■ TASK DIRECTIONS
With pictures left out, set down exactly the lines from the line containing "Сколько граммов и" through the last line of the data.

■ INFORMATION SUPPLIED
* * * *
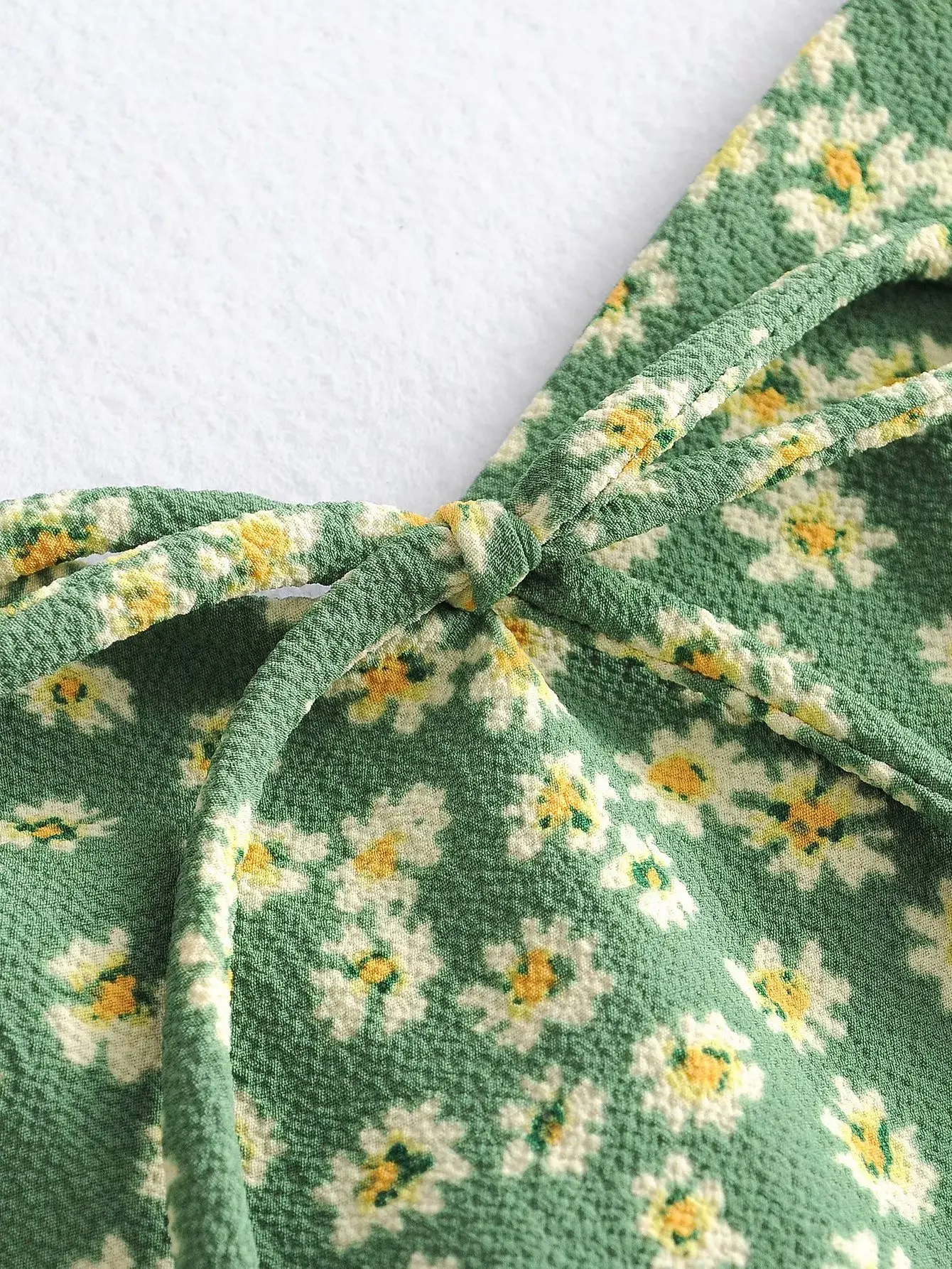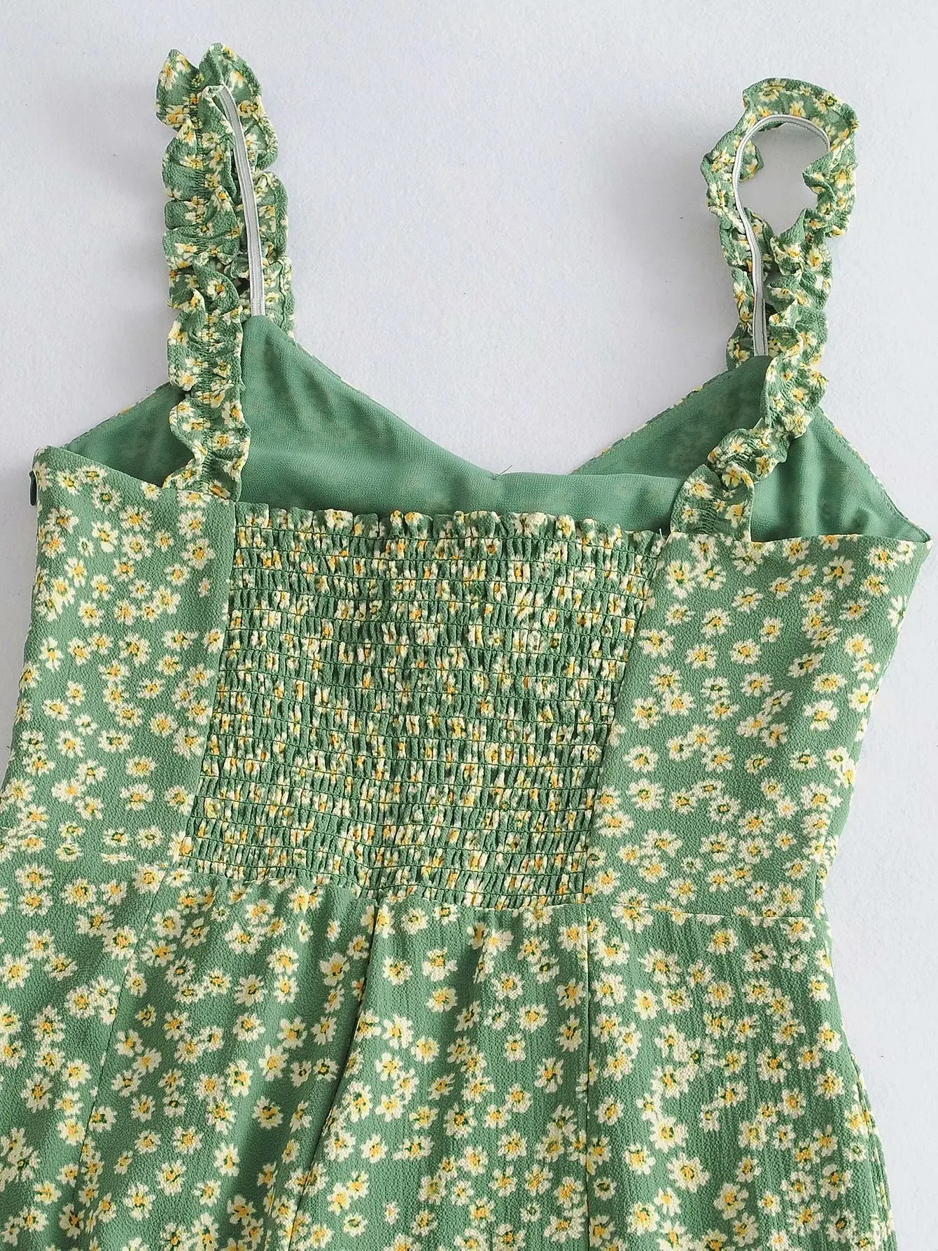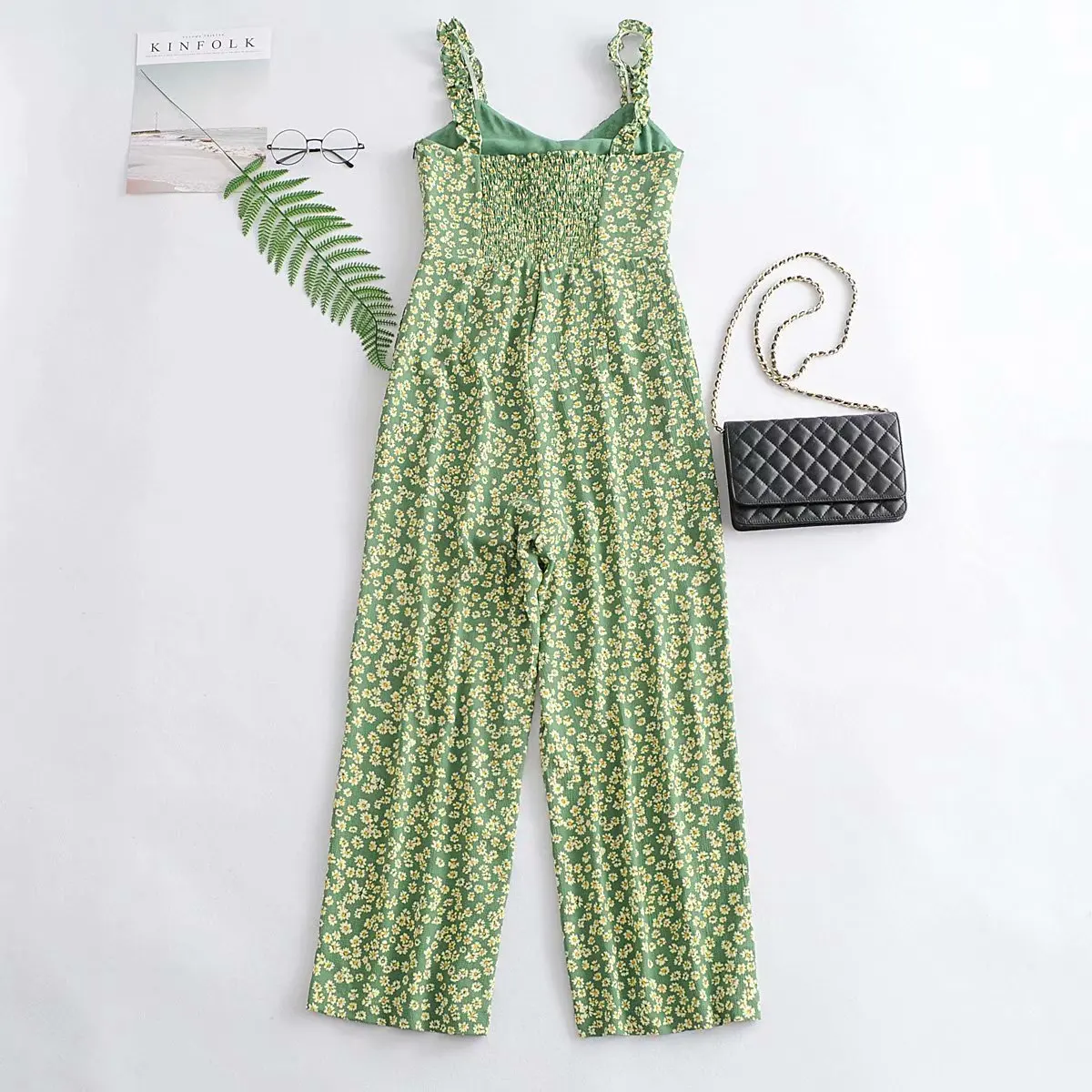 Женский комбинезон с широкими штанинами и цветочным принтом, уличный Повседневный плиссированный комбинезон с высокой талией и глубоким v-образным вырезом без рукавов
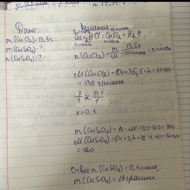 Сколько граммов и сколько моль сульфата меди ( || ) следует взять для получения 13,5 г. хлорида меди ( ||)
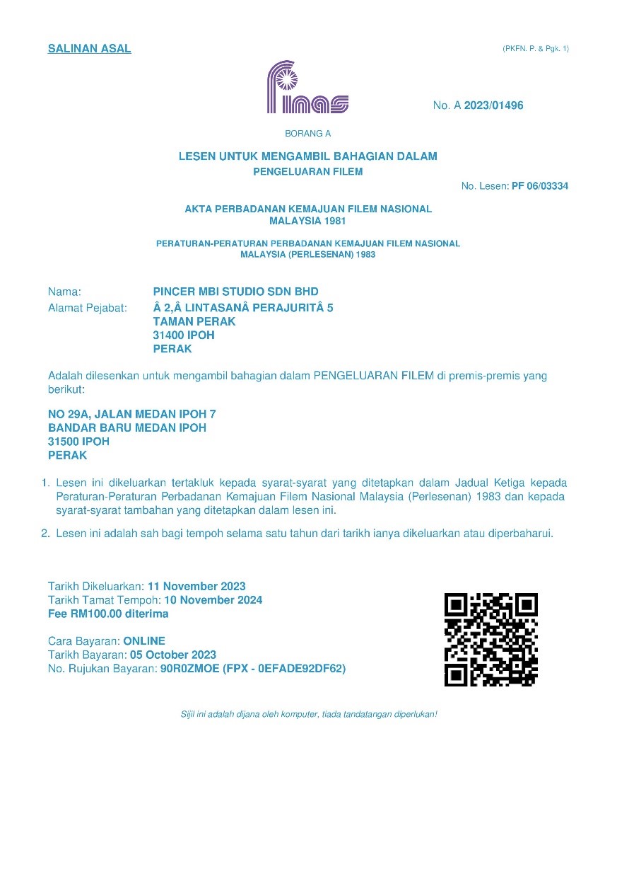 PINCER MBI Studio Sdn Bhd is a newly established joint production company that will collaborate in producing Films, Dramas, Web Dramas, Local and Foreign Advertisements. PINCER MBI Studio Sdn Bhd is a collaborative venture between Majlis Bandaraya Ipoh (MBI) and a Malaysian film production company, FilmForce Studio Sdn Bhd.
* * * *
■ WRITTEN SOLUTION
 Сколько граммов и сколько моль сульфата меди ( || ) следует взять для получения 13,5 г. хлорида меди ( ||)
 PINCER MBI Studio Sdn Bhd is a newly established joint production company that will collaborate in producing Films, Dramas, Web Dramas, Local and Foreign Advertisements. PINCER MBI Studio Sdn Bhd is a collaborative venture between Majlis Bandaraya Ipoh (MBI) and a Malaysian film production company, FilmForce Studio Sdn Bhd.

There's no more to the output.